Task requirements – Below are records with pictures in them; print them exactly, omitting the pictures.

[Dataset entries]
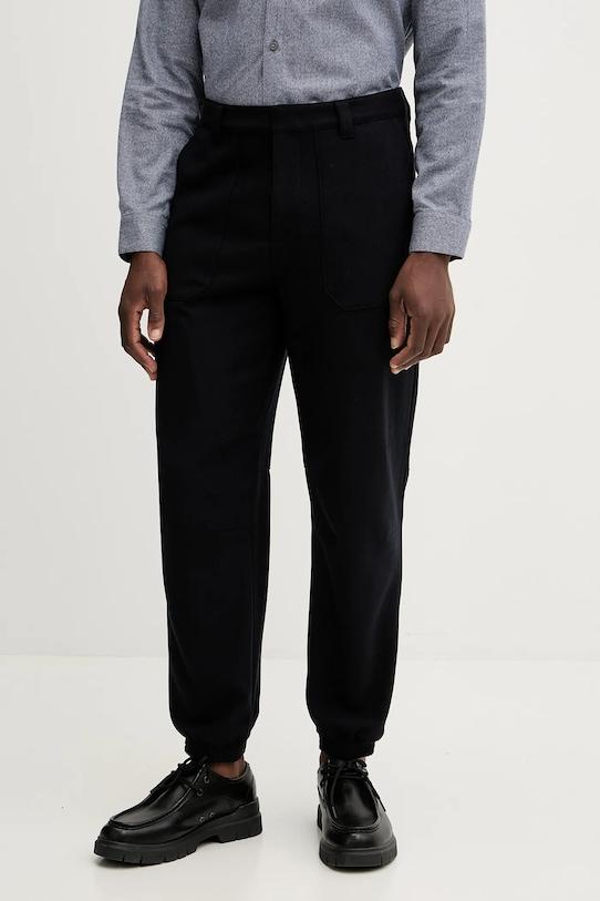 Брюки из коллекции Armani Exchange. Изготовлены из смесовой шерстяной ткани. - Застежка на молнию и крючок. - Два боковых накладных кармана. - Ножки отделаны узкой эластичной манжетой. - Два кармана на пуговицах на ягодицах. - Ширина талии: 43 см. - Высота талии: 32 см. - Ширина штанины внизу: 16 см. - Длина по внутреннему шву: 71 см. - Размеры указаны для размера: 32.
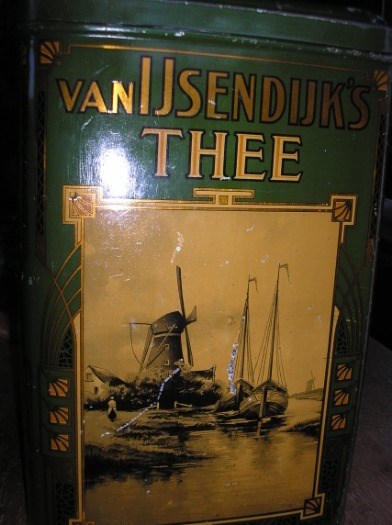 Rotterdam , thee blik oud - theeblik met “koninklijke nederlandsche stoomkoffiebranderijen h.e. Van ijsendijk jr. Rotterdam” - beschrijving: vierkant, hoog blik met scharnierend deksel. Op de vier zijden en het deksel zijn zwart-wit foto's opgenomen tegen een donkergroen fond. Deze voorstellingen worden ingekaderd door en versierd met goudkleurige art-deco-achtige lijnen. Voorzijde: drie fotografische afbeeldingen van de firmavestigingen in rotterdam, antwerpen en zwolle. De drie zijden en het deksel dragen afbeeldingen waarop water en zeilboten het hoofdbestanddeel vormen. Herkomst de koffiebranders van ijsendijk waren gevestigd aan leuvehaven 69-73 (1930). Trefwoorden theebus, blik, productverpakking, houder opschrift / merk voorzijde: "koninklijke nederlandsche stoomkoffiebranderijen h.e. Van ijsendijk jr. Rotterdam. Deksel en drie zijden: van ijsendijk's thee". Minuscuul op achterzijde deksel: "v.b.". Vervaardiger fabrikant: verblifa plaats vervaardiging nederland, krommenie datering 1920 - 1925 technieken gelithografeerd, bedrukt, geperst, gefelst, gelakt, blik, vertind materiaal ijzer, tin, verf afmetingen (cm) hg 33,0 / br 21,0 / dp 21,0, - - prijs 42,50 - - tip: neem een kijkje bij mijn overige advertenties, wie weet staat er iets bij
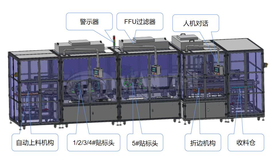 現(xiàn)場布局簡單,產(chǎn)品切換方便。整線包含自動上料機、貼標機、搬運模組、壓合折邊機、收料機。
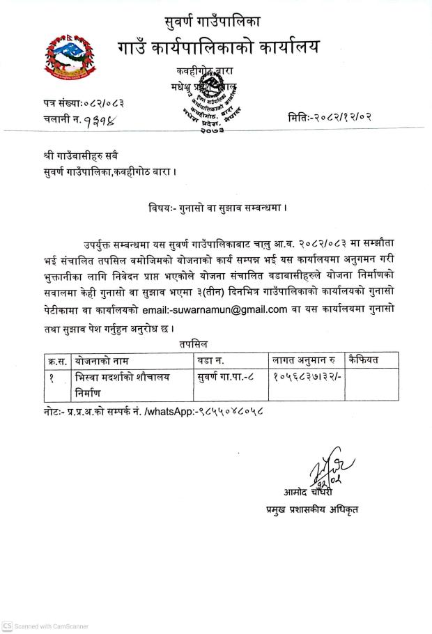 श्री गाउँबासीहरु सबै गुनासो वा सुझाव सम्बन्धमा ।
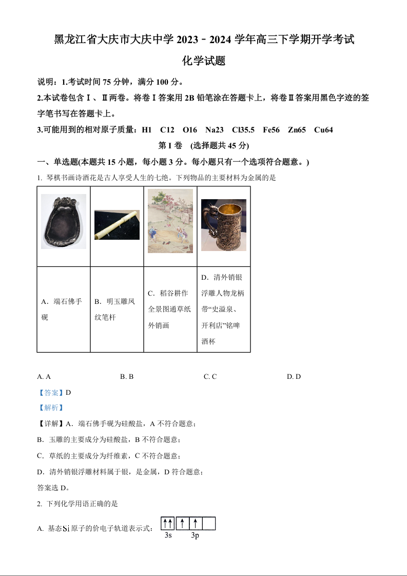 黑龙江省大庆市大庆中学2024届高三下学期开学考试化学(精品解析版)
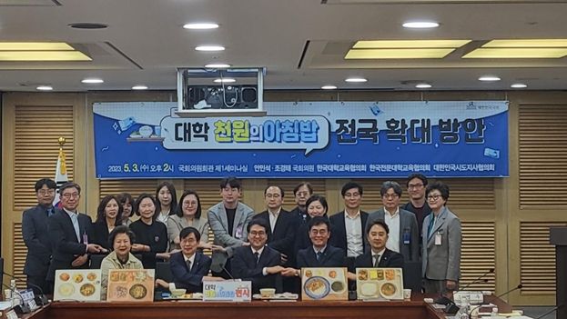 작년 국정감사에서 ‘천원의아침밥’사업 확대를 위해 적극 나섰던 더불어민주당 안민석 의원(경기 오산), 국민의힘 조경태 의원(부산 사하을)과 한국대학교육협의회, 한국전문대학교육협의회, 대한민국시도지사협의회가 공동으로 주최했다.
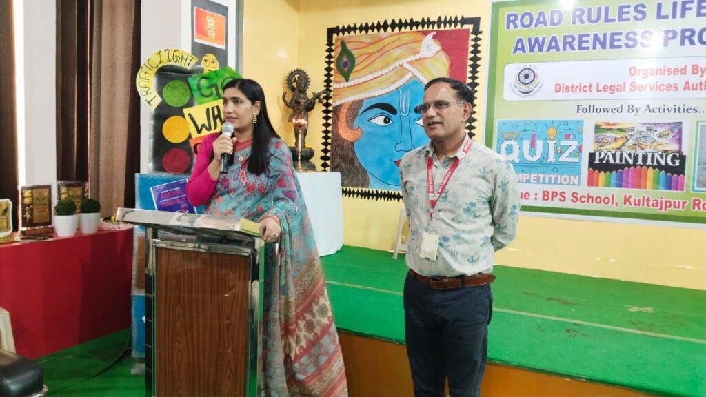 सड़क सुरक्षा नियम सभी के सुरक्षित आवागमन के लिए महत्वपूर्ण हैं। सड़क पर पैदल चलने वालों और वाहन चालकों दोनों को नियमों का पालन करना चाहिए। यह बात जिला विधिक सेवा प्राधिकरण की सचिव एवं मुख्य न्यायिक दंडाधिकारी नीलम कुमारी ने आज भारती पब्लिक स्कूल नारनौल में आयोजित सड़क सुरक्षा जागरूकता कार्यक्रम में बतौर मुख्य अतिथि कही।
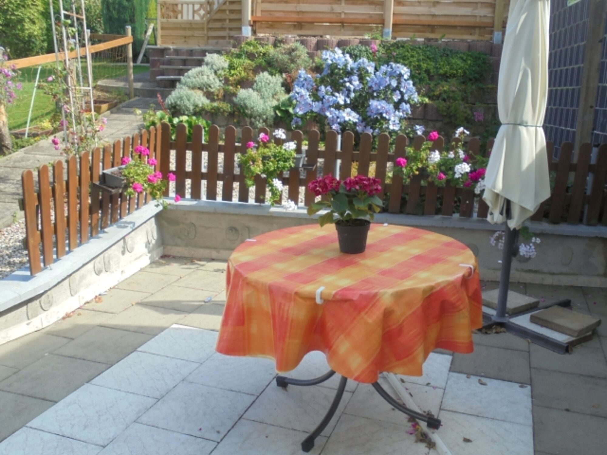 Unser großer idyllischer Garten mit Grillplatz und verschiedenen Sitzmöglichkeiten läd zum Erholen ein und darf von Ihnen mit genutzt werden
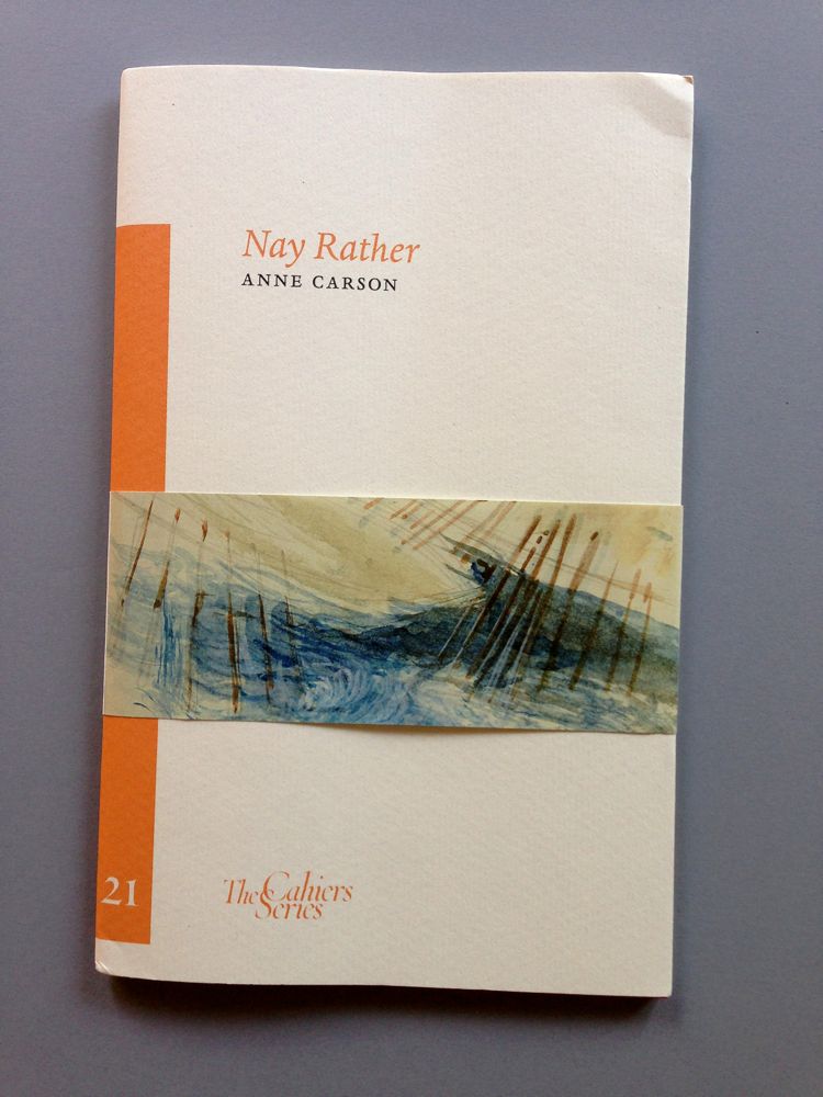 Ingen författare nu har starkare inverkan på litteraturen just nu än Anne Carson, den spränglärda kanadensiskan som spränger alla litterära former. Dom två titlar som finns på svenska (i översättning av Mara Lee), Röd självbiografi och Makens skönhet, dyker upp lite varstans, ofta citerade. En av dom allra senaste är ett litet häfte som handlar om översättning, fast egentligen om litteraturen som förvaltare av katastrofen, interfolierat med kvasiantropologiska anteckningar om en folkspillra, kykladerna, och med illustrationer av en siciliansk konstnär, Lanfranco Quadrio.
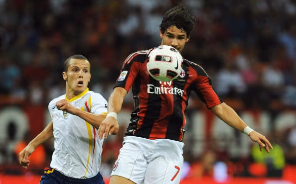 MILAN, ITALY - AUGUST 29: Pato of AC Milan competes for the ball with Djamel Mesbah of US Lecce during the Serie A match between AC Milan and US Lecce at Stadio Giuseppe Meazza on August 29, 2010 in Milan, Italy. (Photo by Valerio Pennicino/Getty Images)
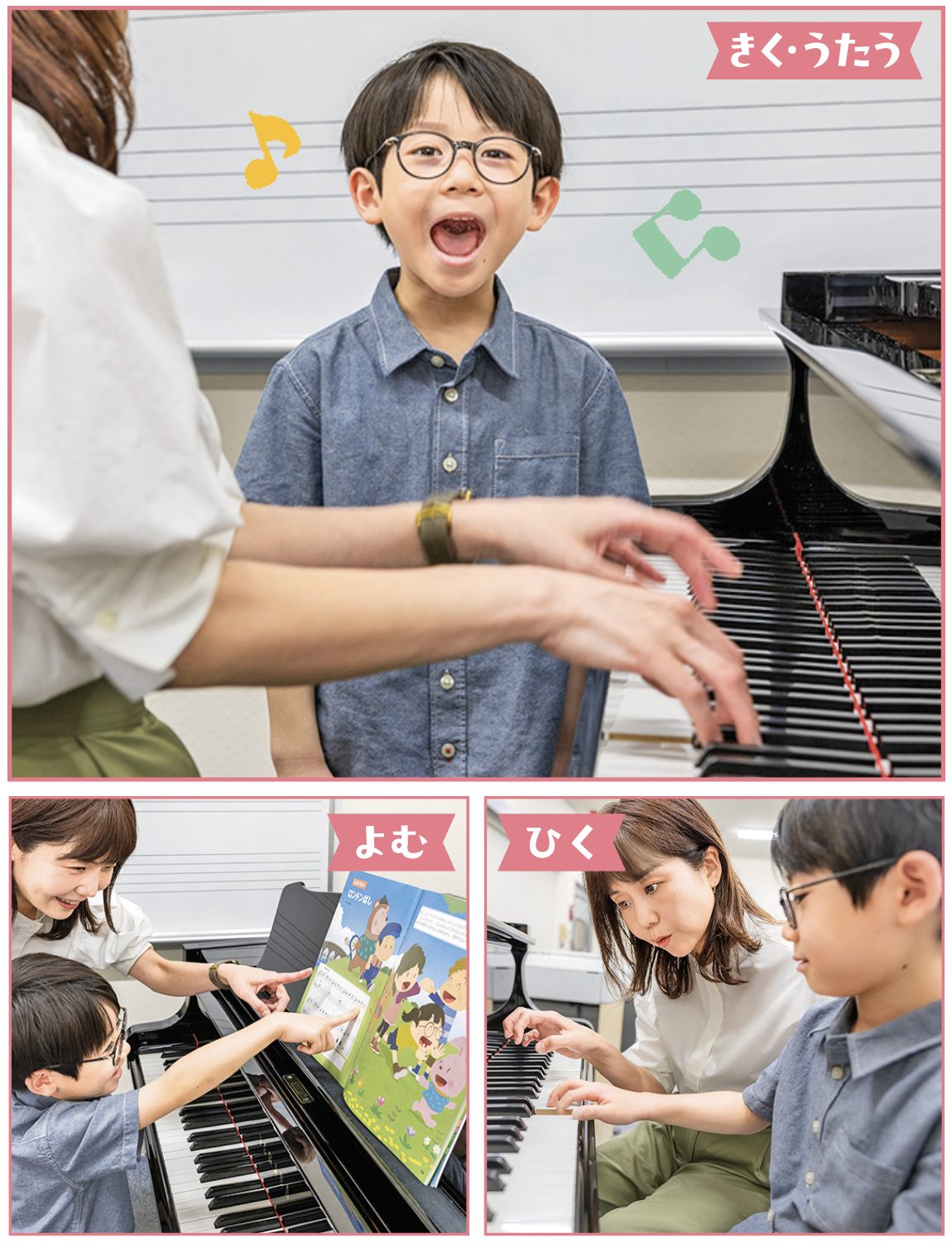 プレジュニアのレッスンは、「きく」「うたう」「ひく」「よむ」「つくる」の要素をバランスよく体験します。うたうことで曲を覚えておくと、自分でイメージを持って演奏することができるので、間違いに自分で気づけたり、曲の表情や変化を感じながら弾くことができます。将来的にはメロディーに合う伴奏をつけたり、曲を作ったり、楽譜通りに弾くだけでなく、自分で音楽を楽しむ力をつけることもめざしています。
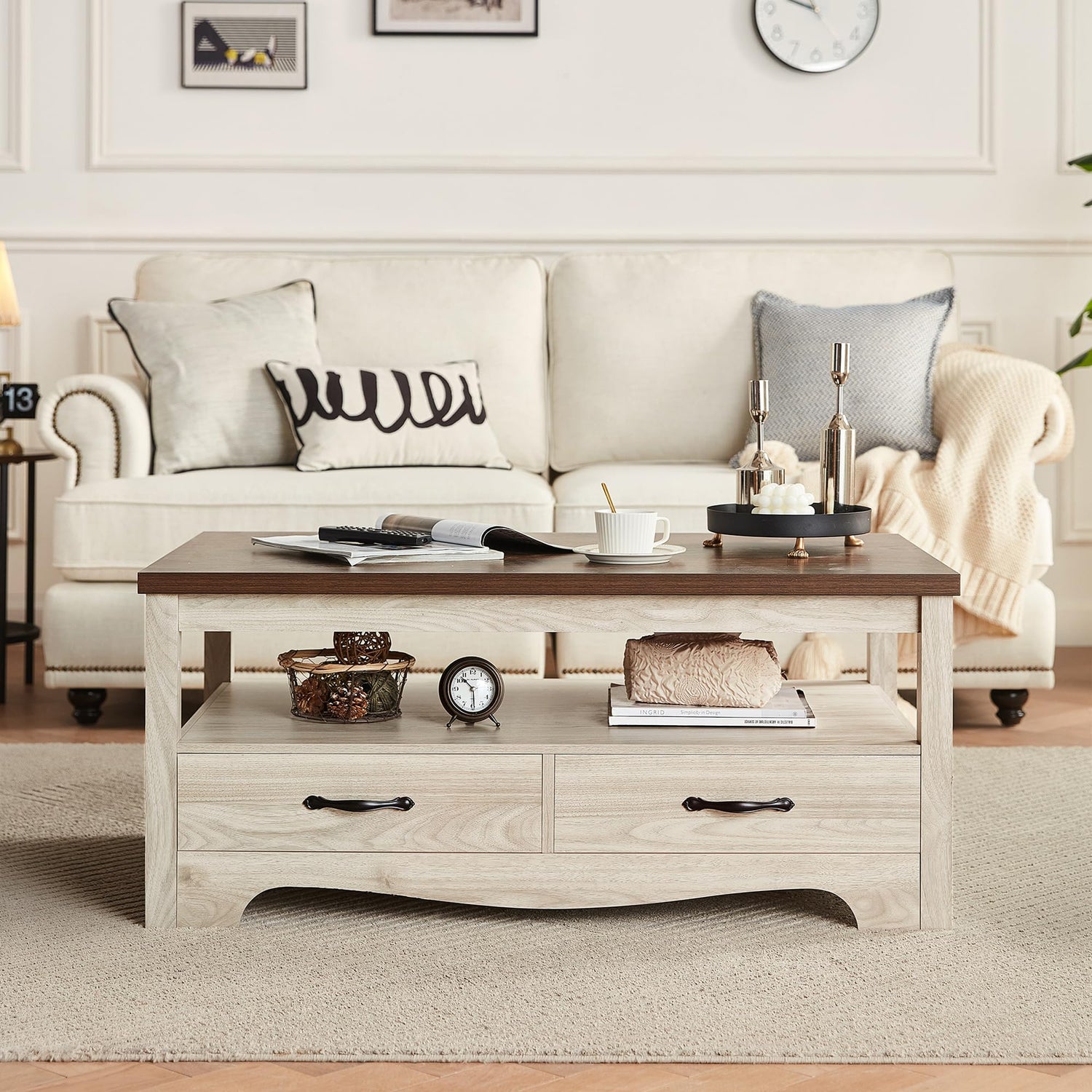 - SIZE: LINSY's brown and white coffee table with storage provides both function and style. Showcase your decor with the spacious surface, measuring 23.2''Dx41.3''Wx18''H, which can hold up to 275lbs in total and features metal handles for easy access to convenient storage solutions. The charming farmhouse appeal is enhanced by the durable construction, ensuring this rustic wooden coffee table will bring joy to your home for years to come.

Output for this exercise –
 Брюки из коллекции Armani Exchange. Изготовлены из смесовой шерстяной ткани. - Застежка на молнию и крючок. - Два боковых накладных кармана. - Ножки отделаны узкой эластичной манжетой. - Два кармана на пуговицах на ягодицах. - Ширина талии: 43 см. - Высота талии: 32 см. - Ширина штанины внизу: 16 см. - Длина по внутреннему шву: 71 см. - Размеры указаны для размера: 32.
 Rotterdam , thee blik oud - theeblik met “koninklijke nederlandsche stoomkoffiebranderijen h.e. Van ijsendijk jr. Rotterdam” - beschrijving: vierkant, hoog blik met scharnierend deksel. Op de vier zijden en het deksel zijn zwart-wit foto's opgenomen tegen een donkergroen fond. Deze voorstellingen worden ingekaderd door en versierd met goudkleurige art-deco-achtige lijnen. Voorzijde: drie fotografische afbeeldingen van de firmavestigingen in rotterdam, antwerpen en zwolle. De drie zijden en het deksel dragen afbeeldingen waarop water en zeilboten het hoofdbestanddeel vormen. Herkomst de koffiebranders van ijsendijk waren gevestigd aan leuvehaven 69-73 (1930). Trefwoorden theebus, blik, productverpakking, houder opschrift / merk voorzijde: "koninklijke nederlandsche stoomkoffiebranderijen h.e. Van ijsendijk jr. Rotterdam. Deksel en drie zijden: van ijsendijk's thee". Minuscuul op achterzijde deksel: "v.b.". Vervaardiger fabrikant: verblifa plaats vervaardiging nederland, krommenie datering 1920 - 1925 technieken gelithografeerd, bedrukt, geperst, gefelst, gelakt, blik, vertind materiaal ijzer, tin, verf afmetingen (cm) hg 33,0 / br 21,0 / dp 21,0, - - prijs 42,50 - - tip: neem een kijkje bij mijn overige advertenties, wie weet staat er iets bij
 現(xiàn)場布局簡單,產(chǎn)品切換方便。整線包含自動上料機、貼標機、搬運模組、壓合折邊機、收料機。
 श्री गाउँबासीहरु सबै गुनासो वा सुझाव सम्बन्धमा ।
 黑龙江省大庆市大庆中学2024届高三下学期开学考试化学(精品解析版)
 작년 국정감사에서 ‘천원의아침밥’사업 확대를 위해 적극 나섰던 더불어민주당 안민석 의원(경기 오산), 국민의힘 조경태 의원(부산 사하을)과 한국대학교육협의회, 한국전문대학교육협의회, 대한민국시도지사협의회가 공동으로 주최했다.
 सड़क सुरक्षा नियम सभी के सुरक्षित आवागमन के लिए महत्वपूर्ण हैं। सड़क पर पैदल चलने वालों और वाहन चालकों दोनों को नियमों का पालन करना चाहिए। यह बात जिला विधिक सेवा प्राधिकरण की सचिव एवं मुख्य न्यायिक दंडाधिकारी नीलम कुमारी ने आज भारती पब्लिक स्कूल नारनौल में आयोजित सड़क सुरक्षा जागरूकता कार्यक्रम में बतौर मुख्य अतिथि कही।
 Unser großer idyllischer Garten mit Grillplatz und verschiedenen Sitzmöglichkeiten läd zum Erholen ein und darf von Ihnen mit genutzt werden
 Ingen författare nu har starkare inverkan på litteraturen just nu än Anne Carson, den spränglärda kanadensiskan som spränger alla litterära former. Dom två titlar som finns på svenska (i översättning av Mara Lee), Röd självbiografi och Makens skönhet, dyker upp lite varstans, ofta citerade. En av dom allra senaste är ett litet häfte som handlar om översättning, fast egentligen om litteraturen som förvaltare av katastrofen, interfolierat med kvasiantropologiska anteckningar om en folkspillra, kykladerna, och med illustrationer av en siciliansk konstnär, Lanfranco Quadrio.
 MILAN, ITALY - AUGUST 29: Pato of AC Milan competes for the ball with Djamel Mesbah of US Lecce during the Serie A match between AC Milan and US Lecce at Stadio Giuseppe Meazza on August 29, 2010 in Milan, Italy. (Photo by Valerio Pennicino/Getty Images)
 プレジュニアのレッスンは、「きく」「うたう」「ひく」「よむ」「つくる」の要素をバランスよく体験します。うたうことで曲を覚えておくと、自分でイメージを持って演奏することができるので、間違いに自分で気づけたり、曲の表情や変化を感じながら弾くことができます。将来的にはメロディーに合う伴奏をつけたり、曲を作ったり、楽譜通りに弾くだけでなく、自分で音楽を楽しむ力をつけることもめざしています。
 - SIZE: LINSY's brown and white coffee table with storage provides both function and style. Showcase your decor with the spacious surface, measuring 23.2''Dx41.3''Wx18''H, which can hold up to 275lbs in total and features metal handles for easy access to convenient storage solutions. The charming farmhouse appeal is enhanced by the durable construction, ensuring this rustic wooden coffee table will bring joy to your home for years to come.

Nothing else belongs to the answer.